Douglas WEB 825 White at RondoMusic.com

Is this too good to be true? A 5-string under $200? Or is it just crap? XD


----------



## MaxOfMetal (May 15, 2011)

The Rondo basses I've owned have been pretty solid. The hardware is solid and fretwork is decent, the electronics are pretty crappy though. 

Certainly worth the price and more. Just don't expect a high quality, pro instrument.


----------



## Ginsu (May 15, 2011)

MaxOfMetal said:


> The Rondo basses I've owned have been pretty solid. The hardware is solid and fretwork is decent, the electronics are pretty crappy though.
> 
> Certainly worth the price and more. Just don't expect a high quality, pro instrument.


Good, I just bought it. XD


----------



## Explorer (May 15, 2011)

Infrequently they pass through some of my local shops used. Max is right on the money.

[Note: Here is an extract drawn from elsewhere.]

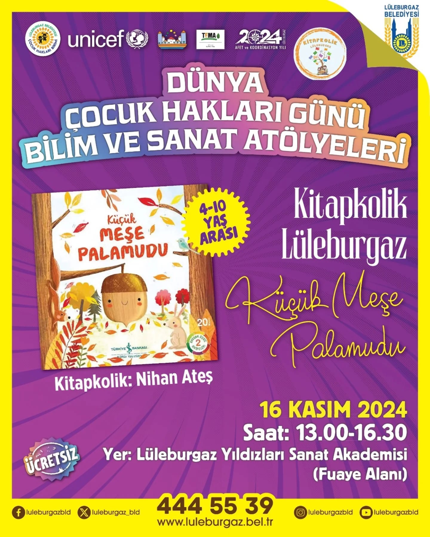 15 Kasım’da ise çocuklar "Yetenek Sirkiniz" etkinliğiyle yeteneklerini sergileme şansı bulacak. Bu etkinlik, çocukların kendilerini ifade etmeleri, farklı yeteneklerini keşfetmeleri ve özgüvenlerini artırmaları için harika bir fırsat olacak. 16 Kasım’da ise iki farklı etkinlik bir arada düzenlenecek; "Alice Müzikali" ile çocuklar tiyatro dünyasına adım atarken, aynı gün "Küçük Meşe Palamudu" atölyesi ile doğanın harikaları keşfedilecek.

The search function here can be a bit difficult when zeroing in on several words, so I'll be pleased if you let me Google that for you.

Good luck!


----------



## Ginsu (May 15, 2011)

Explorer said:


> Infrequently they pass through some of my local shops used. Max is right on the money.
> 
> The search function here can be a bit difficult when zeroing in on several words, so I'll be pleased if you let me Google that for you.
> 
> Good luck!


XD Sorry, forgot about the whole search-before-you-make-a-topic thing.  Oops. I seem to do that a lot.


----------



## AcousticMinja (May 16, 2011)

I own that bass in black. By far a really awesome bass for the money. Yes, the electronics could be a lot better, but as a first bass or something that works, it's definitely better than a lot of cheaper basses. The bassist of my band uses it tuned to G#-B-F#-B-E and he loves it. Not that muddy, either. Just replace the humbucker in it if anything and it'll do you well.


----------